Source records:
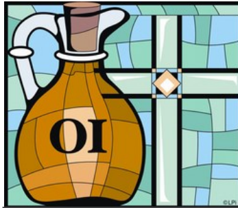
“OI” seen on ampules and oil stocks stands for olea infirmorum, or simply “oil for the sick”

— Parish Office Hours — Monday-Friday 8:00 a.m.-Noon Bulletin Deadline: Monday, Noon
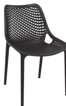
Black Code: ZA.218C
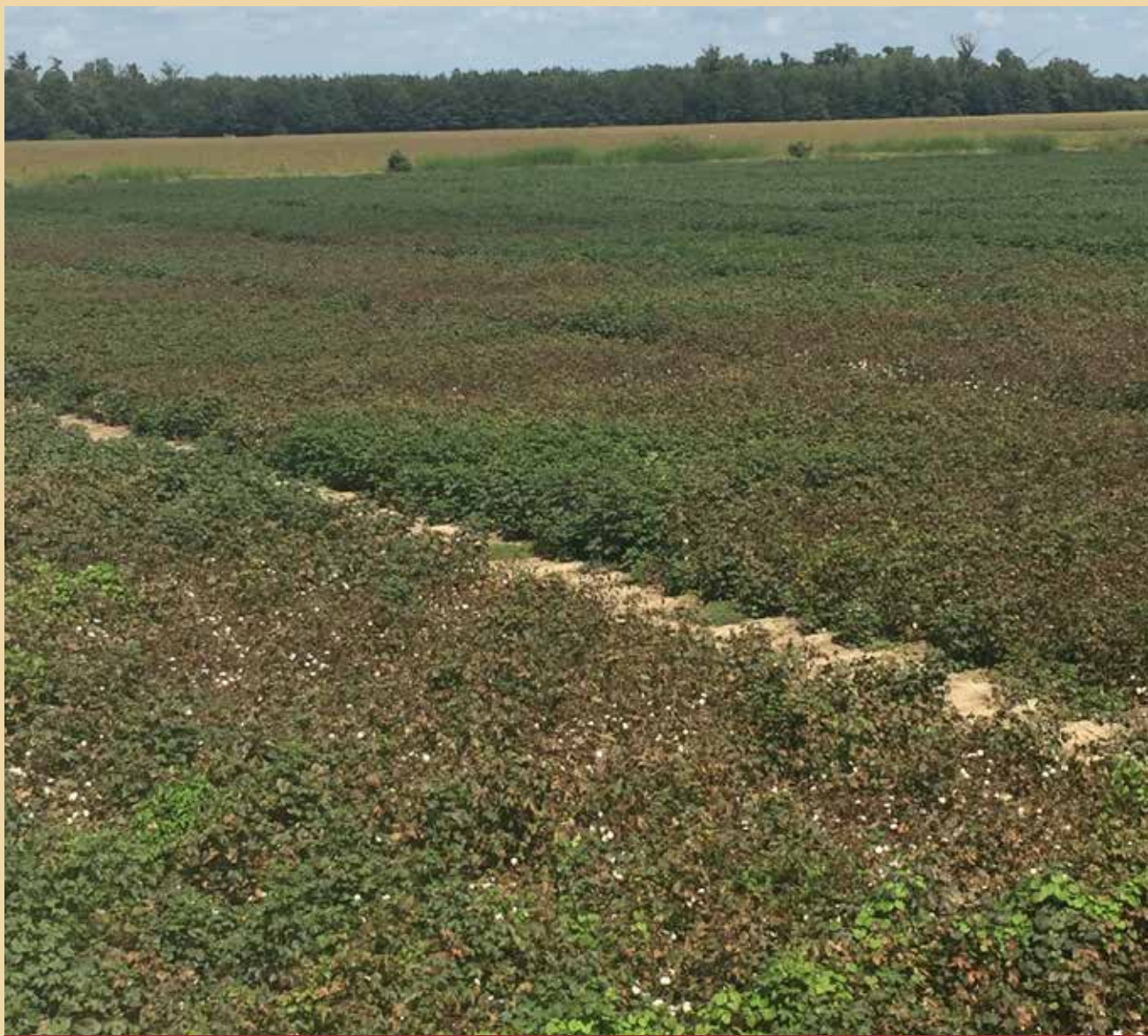
Verticillium wilt in a cotton variety test at the Judd Hill Cooperative Research Station in 2017
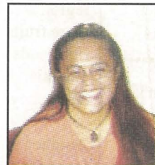
Geraldine Shmull Foreign Affairs, Min. of State
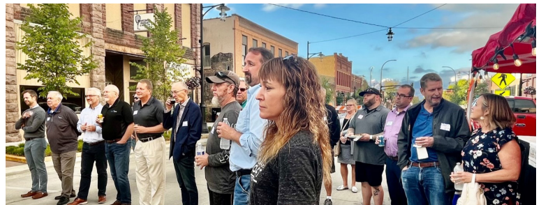
Urban Loft Business After Hours
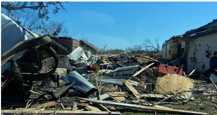
Homes damaged in the wake of the EF-3 tornado that struck Little Rock, AR.
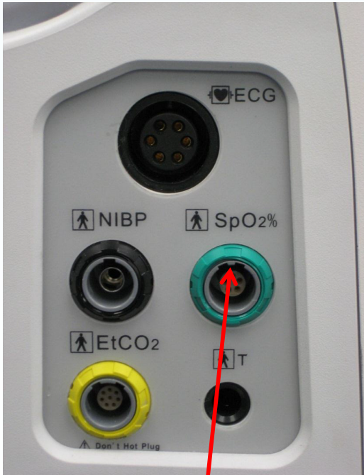
Digital SpO2 Monitors - 2 Keyway Guides; 5 pin connector
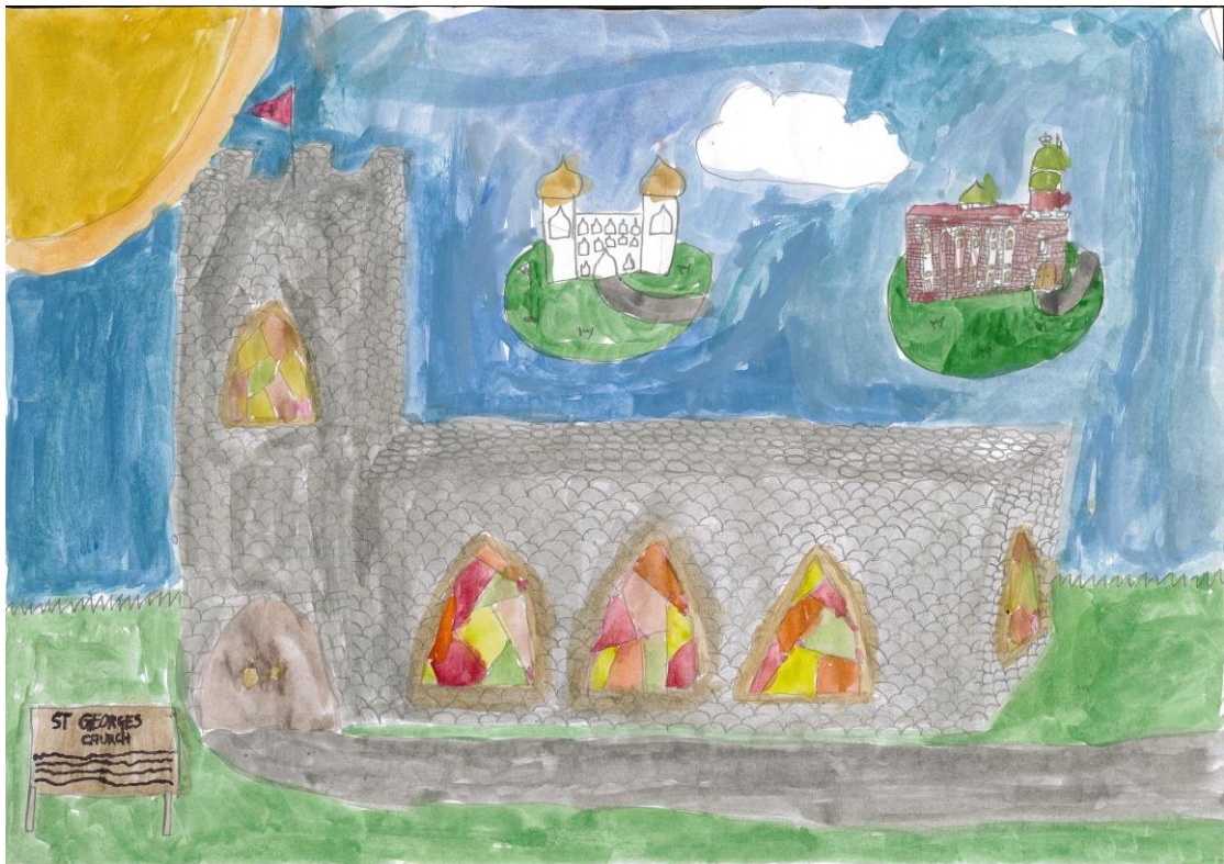
Beth Meachem, age 9
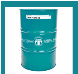
54-gallon drum SKU: C270BD/54 UPC-12: 641238001317
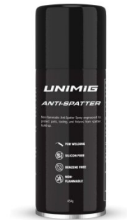
W119 Anti-Spatter Spray
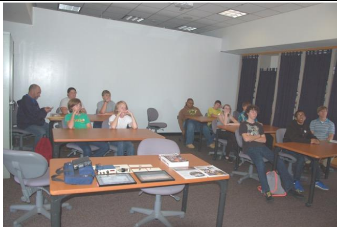
K4CGY's display table and a rapt audience.

We had a great time, and we appear to have interested some young folks. Two students on one of our groups are planning to launch a weather balloon and have requested our help with tracking the flight.
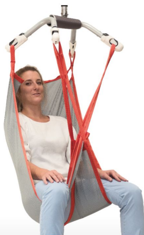
Soft head support Ref. S8623 000 XS, 100 S, 200 M, 300 L, 400 XL, 500 XXL.

Problem statement
Check each line in the records above for the word "Hours". Return those that have it.

Answer to this task
— Parish Office Hours — Monday-Friday 8:00 a.m.-Noon Bulletin Deadline: Monday, Noon
Urban Loft Business After Hours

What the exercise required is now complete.